The attached shows a presentation of my images for this object from this morning 11/2/21 0038 to 0305 UT (2hr 3mins of 610 longpass (ie Red+IR) data). 16" newtonian, ASI1600MM, reducer to f2.9.

The first image is stacked on the comet, and the next two images are stars from the 'star stack' of the same dataset with similar peak intensities to the comet.

I do believe its non-stellar. I've subtracted two stars from each other (bottom right, no residual), and a star from the comet, and the comet leaves distinct residuals, even when the central intensity is zero or slightly negative. Slight scaling was used to allow for differences in intensity (done in FITSWORK).

Image scale is 0.65"/pixel. Residual of ~6 pixels across implies a size of 3.9".

I took care to use two example stars from the centre of the FOV  (where the comet ended up)and the edge (near where the comet started in the first images) so any variation in PSF across the sensor could be seen. None is obvious.

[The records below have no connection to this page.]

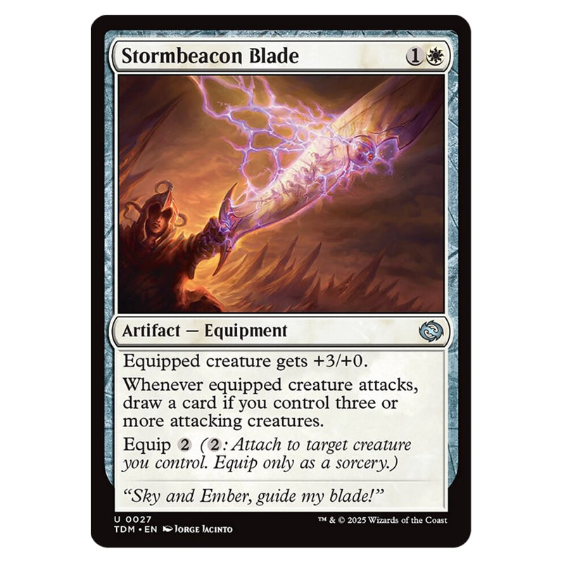 Stormbeacon Blade is a Uncommon, Artifact - Equipment card from the Magic The Gathering set Tarkir: Dragonstorm (MTGSC-TDM-0027)
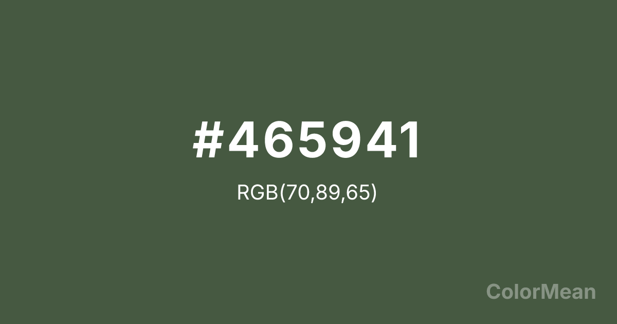 #465941 RGB value is (70, 89, 65). The hex color red value is 70, green is 89, and blue is 65. Its HSL format shows a hue of 107°, saturation of 16 percent, and lightness of 30 percent. The CMYK process values are 21 percent, 0 percent, 27 percent, 65 percent.
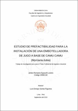 Egoavil Lozano, J. R. (2019). Estudio de prefactibilidad para la instalación de una embotelladora de jugo a base de Camu Camu (Myrciaria dubia) (trabajo de investigación para optar el título profesional de Ingeniero Industrial). Universidad de Lima.Editor
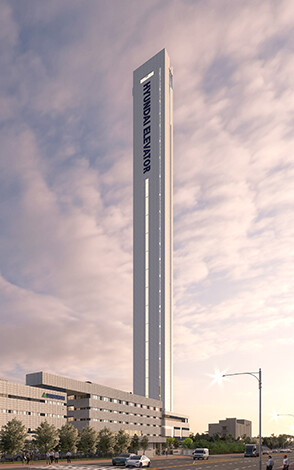 현대엘리베이터는 21일 오후 충주캠퍼스에서 250m에 달하는 국내 최고 높이의 아산타워 준공식을 열었다.
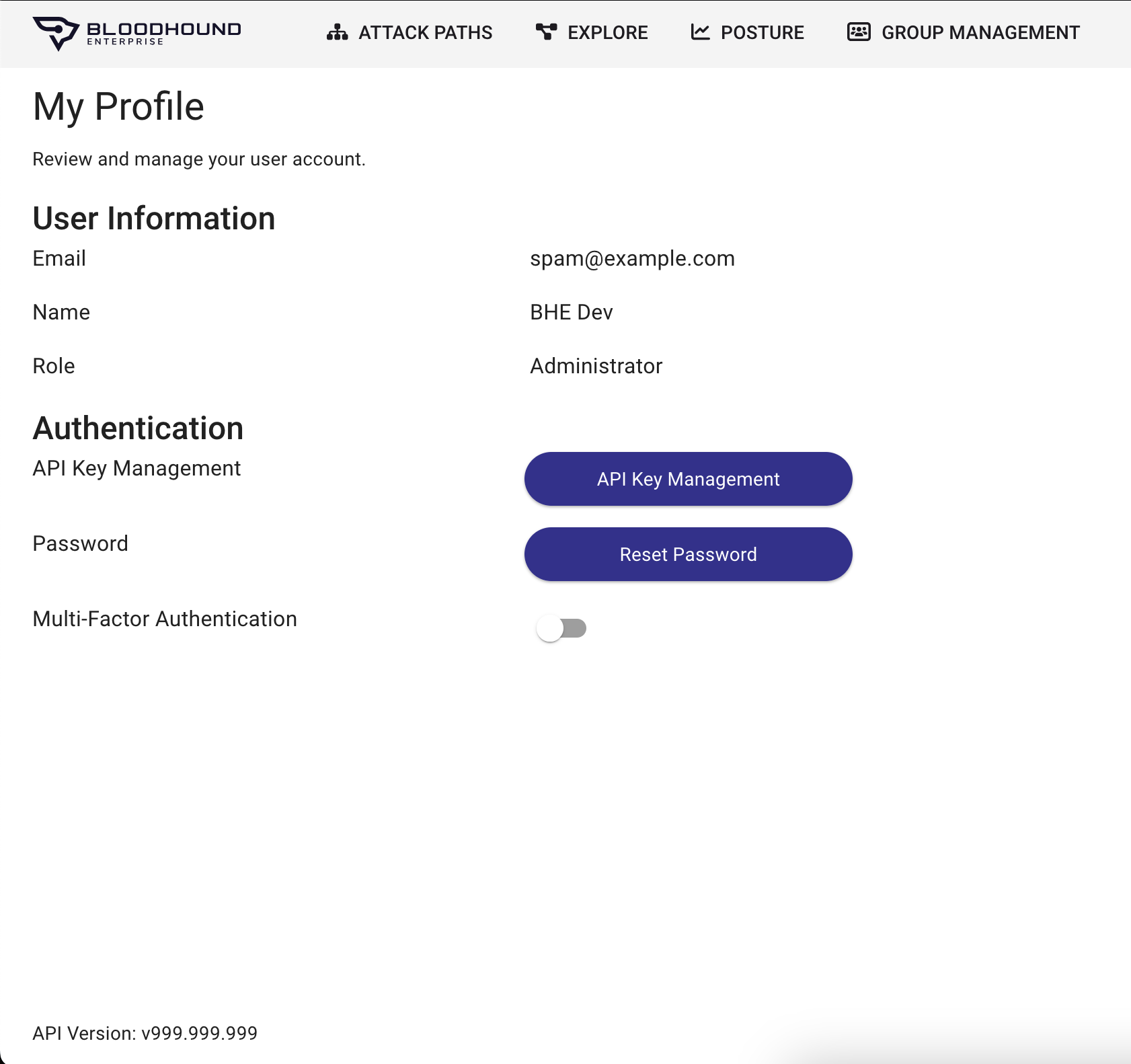 - API version on My Profile page - When BloodHound CE users report bugs, we ask, “What version are you running?” We never made that easily visible in the application - until now! Browse to the My Profile page under the configuration gear at the top right, and you’ll see what version you’re running at the bottom of the page.
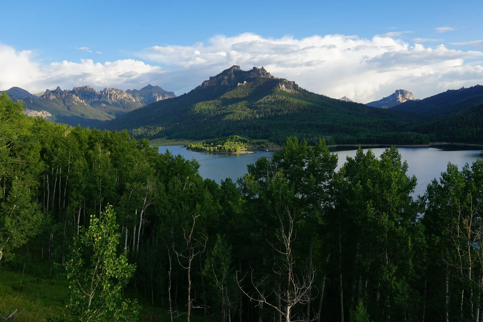There is a short trail to an overlook that you can pick up from the day use area, or from the campgrounds. A short walk through aspens take you an incredible overlook of the reservoir and the peaks looming behind. This is a stellar overlook and if you just have time to check out the overlook, it would be a worthy few minutes.

I think this is reasonably conclusive....! We have a comet!

Cheers

Nick



From: Nick James <ndj@nickdjames.com>
Sent: 11 February 2021 07:54
To: Nick Haigh <happylimpet@hotmail.com>
Subject: Re: [BAA Comets] C/2021 A2 NEOWISE image.
 
Nick,

Here's my attempt from last night. Not much evidence of cometary
activity from this.

Nick.


On 11/02/2021 00:44, Nick Haigh wrote:
> OK Im on it! You know how to press my buttons!!!!!
>
> As you say, moving fast, so its bang on one side of my sensor at 0030 and will pass off the top at 0500...should be plenty of time. I assume I can stack this.....I'll find a way.
>
> Im using coordinates off NASA Horizons...I assume theyre accurate? Fingers crossed and nothing ventured.....definitely a suitable target.
>
> Weather is saying high cloud developing but hopefully not too badly, it usually overestimates it.
>
> Cheers! Will let you know what I get.